I'm currently testing the situation of double failure for ceph cluster.
But, I faced that pgs are in stale state forever.
reproduce steps)
0. ceph version : jewel 10.2.3 (ecc23778eb545d8dd55e2e4735b53cc93f92e65b)
1. Pool create : exp-volumes (size = 2, min_size = 1)
2. rbd create : testvol01
3. rbd map and create mkfs.xfs
4. mount and create file
5. list rados object
6. check osd map of each object
# ceph osd map exp-volumes rbd_data.4a41f238e1f29.000000000000017a
osdmap e199 pool 'exp-volumes' (2) object 'rbd_data.4a41f238e1f29.000000000000017a' -> pg 2.3f04d6e2 (2.62) -> up ([2,6], p2) acting ([2,6], p2)
7. stop primary osd.2 and secondary osd.6 of above object at the same time
8. check ceph status
health HEALTH_ERR
16 pgs are stuck inactive for more than 300 seconds
16 pgs stale
16 pgs stuck stale
monmap e11: 3 mons at {10.105.176.85=10.105.176.85:6789/0,10.110.248.154=10.110.248.154:6789/0,10.110.249.153=10.110.249.153:6789/0 }
election epoch 84, quorum 0,1,2 10.105.176.85,10.110.248.154,10.110.249.153
osdmap e248: 6 osds: 4 up, 4 in; 16 remapped pgs
flags sortbitwise,require_jewel_osds
pgmap v112095: 128 pgs, 1 pools, 14659 kB data, 17 objects
165 MB used, 159 GB / 160 GB avail
112 active+clean
16 stale+active+clean
# ceph health detail
HEALTH_ERR 16 pgs are stuck inactive for more than 300 seconds; 16 pgs stale; 16 pgs stuck stale
pg 2.67 is stuck stale for 689.171742, current state stale+active+clean, last acting [2,6]
pg 2.5a is stuck stale for 689.171748, current state stale+active+clean, last acting [6,2]
pg 2.52 is stuck stale for 689.171753, current state stale+active+clean, last acting [2,6]
pg 2.4d is stuck stale for 689.171757, current state stale+active+clean, last acting [2,6]
pg 2.56 is stuck stale for 689.171755, current state stale+active+clean, last acting [6,2]
pg 2.d is stuck stale for 689.171811, current state stale+active+clean, last acting [6,2]
pg 2.79 is stuck stale for 689.171808, current state stale+active+clean, last acting [2,6]
pg 2.1f is stuck stale for 689.171782, current state stale+active+clean, last acting [6,2]
pg 2.76 is stuck stale for 689.171809, current state stale+active+clean, last acting [6,2]
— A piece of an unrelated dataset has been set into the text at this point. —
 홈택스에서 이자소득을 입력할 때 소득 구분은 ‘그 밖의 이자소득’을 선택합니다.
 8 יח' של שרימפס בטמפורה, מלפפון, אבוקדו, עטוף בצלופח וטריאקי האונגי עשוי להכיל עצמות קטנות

pg 2.17 is stuck stale for 689.171794, current state stale+active+clean, last acting [6,2]
pg 2.63 is stuck stale for 689.171794, current state stale+active+clean, last acting [2,6]
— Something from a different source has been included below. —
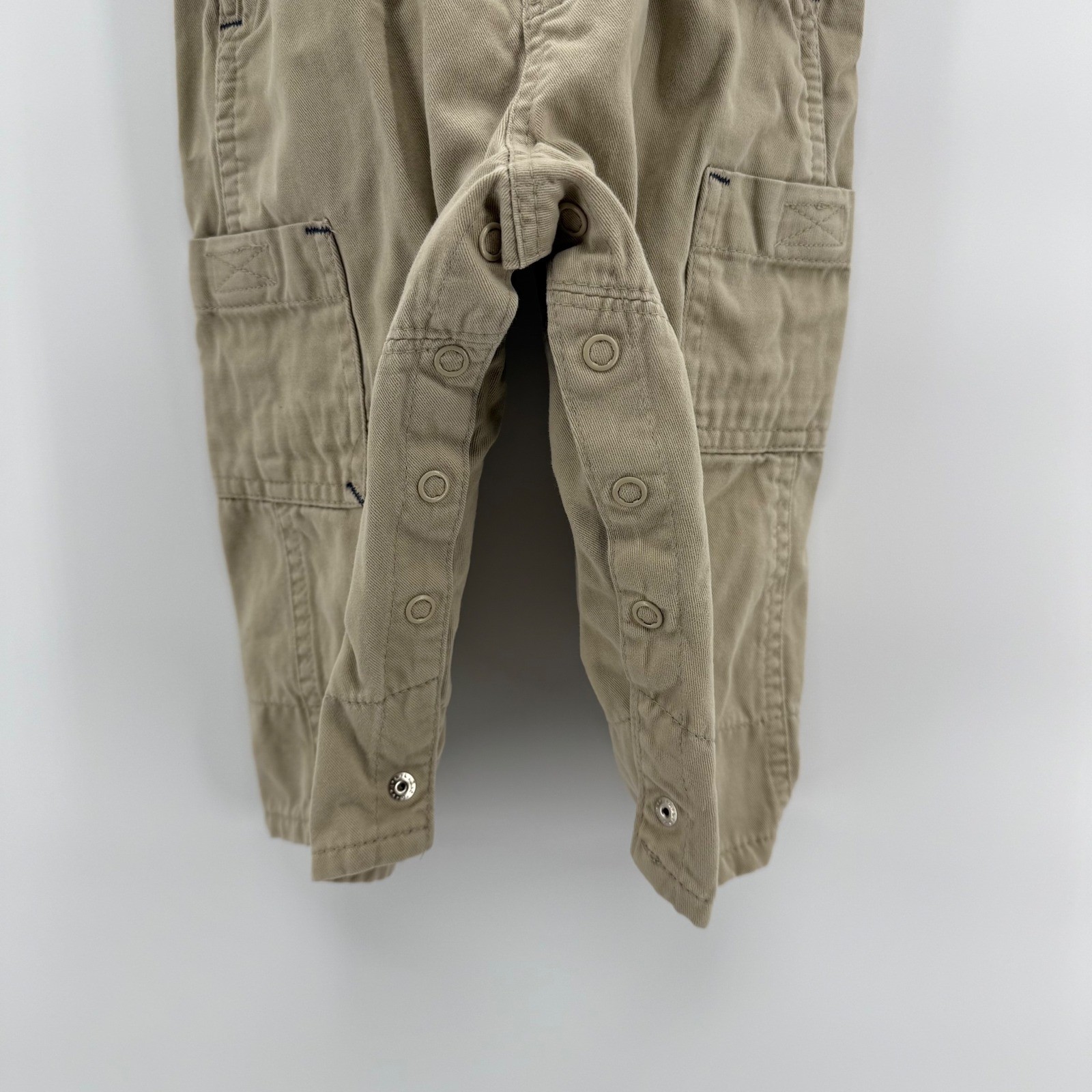 OshKosh BGosh Baby Toddler Boy's Khaki Cotton Overalls Vestbak Sz 12 Months Y2K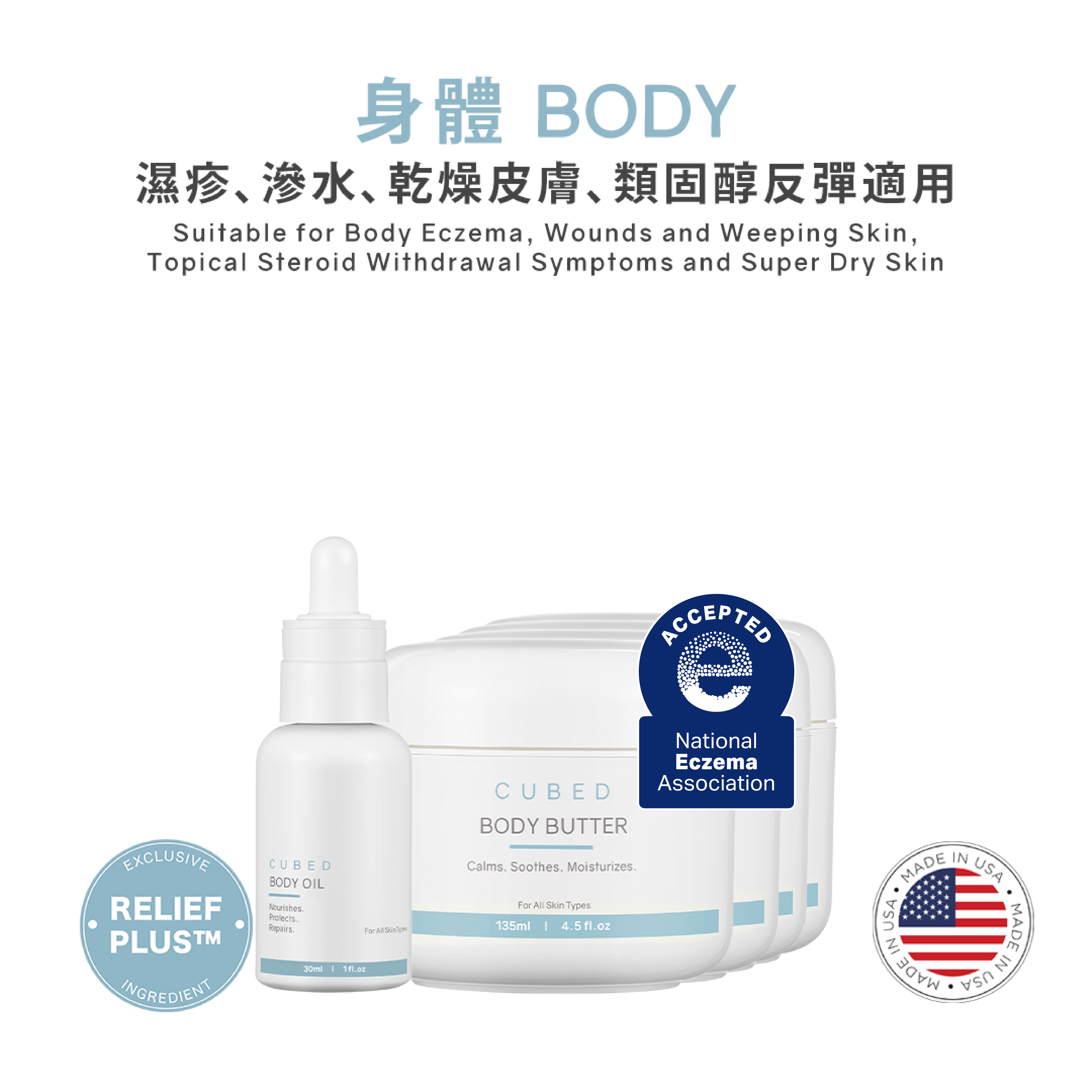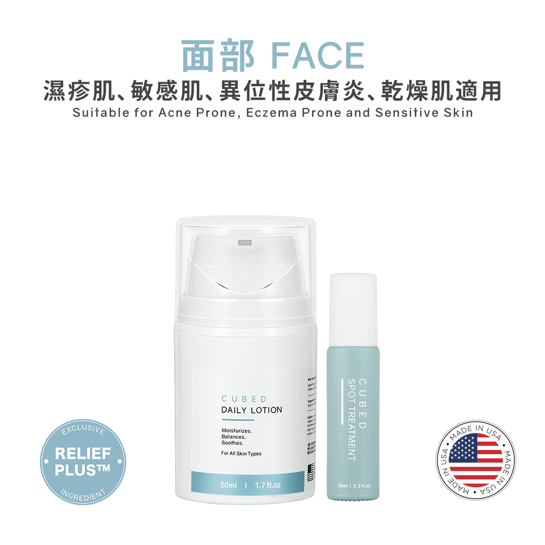CUBED 獨家研發複合成分Relief Plus™,能直接對付受損皮膚及發炎因子的成分。獨家成分Relief Plus™已提交申請專利。

pg 2.77 is stuck stale for 689.171816, current state stale+active+clean, last acting [2,6]
pg 2.1b is stuck stale for 689.171793, current state stale+active+clean, last acting [6,2]
pg 2.62 is stuck stale for 689.171765, current state stale+active+clean, last acting [2,6]
pg 2.30 is stuck stale for 689.171799, current state stale+active+clean, last acting [2,6]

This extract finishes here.